Kalau bertahan di Banda Aceh tanpa ada tujuan hidup, sepertinya itu bukan saya benget. Tampaknya teman saya ini tak emnegrti itu. Setelah dia menjadi tenaga honorer di sekolah kami dulu, ia mlangsung mengklaim kalau pekerjaan itu hanya guru.

Aneh memang.

Tapi itulah fakta yang paling sering terjadi sekarang. Kalau bukan guru seolah bukan pekerjaan. Kalau belum pakai seragam PNS seolah semuanya bohong. Nggak bekerja.

Pertanyaan ‘Mau dibawa kemana ijazah itu?” bukan sekali dua kali ditanyakan. Banyak orang-orang yang bertanya hal yang sama. Mungkin karena kami tinggal di Aceh makanya prospek yang dilihatnya sedikit. Tapi setidaknya pertanyaan itu tidak perlu dipertanyakan.

Pekerjaan, terkadang bukan terletak pada ijazah keluaran kampus mana dan fakultas apa.

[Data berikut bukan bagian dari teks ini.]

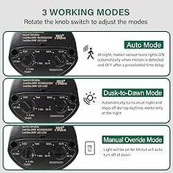【3 Modes in 1 Motion Sensor】"Auto Mode" when movement is detected in darkness the light will turn on & after 1min to 10 minutes it will turn off depending on your setting; "D2D Mode" Automatically turns on at night and stays off at daytime, work only in the night; "Manual Override Mode" allows manual control on and off, light will keep on for 8h but will auto turn off at dawn. 【Stepless Adjustable Time & Sensitivity】Pre-selected delay time of the motion detector is adjustable from 10-second to 10 mins on the "TIMER" knob, and the sensing coverage can reach up to 60 feet with a 180° detection range, which can be customized by yourself based on your specific requirement. 【Rotable Sensor Head】Designed with longer pivot arm, 180 degrees vertically, 300 degrees horizontally adjustable sensor neck, easier for you to aim the sensor where you want, suitable for most outdoor/indoor wall and eave mount applications, such as porch, back yard, front door, garage, driveway, walkway, step, etc. 【Replacement Motion Sensor】A great choice to repair or update your existing light fixtures without having to replace the entire fixture, save your money. The motion security floodlight sensor is easy to install and set up, wire nuts included, wire up easily. Load Rating: Max. 500W Incandescent Lamp, Max 200W LED DRIVER/ LED Bulbs. 【High-Quality Service】We provide 7*24h after-sales service and a 2-year warranty. Easy and fast replacement and refund for quality problems are guaranteed.

Semua tergantung kepada dirinya sendiri. Kreativitas dan bagaimana cara dia mempertahankan hidup untuk masa depannya, itulah yang perlu dipertanyakan.

Mau kuliah di kampus nomor satu di dunia, fakultas nomor sat dan IPK 4 skala internasional pun sama saja. Jika semua itu tidak dibarengi oleh inovasi dari personal si pemilik ijazah. Mengandalkan dibukanya peluang PNS itu kecil sekali. Satu lowongan untuk seribu pelamar.

Sepertinya para penguasa negeri juga harus bijak mengatasi pertanyaan ‘Mau dibawa kemana?’ ini. 

Dalam hal ini, saya malah bingung sekali ingin menjawab apa.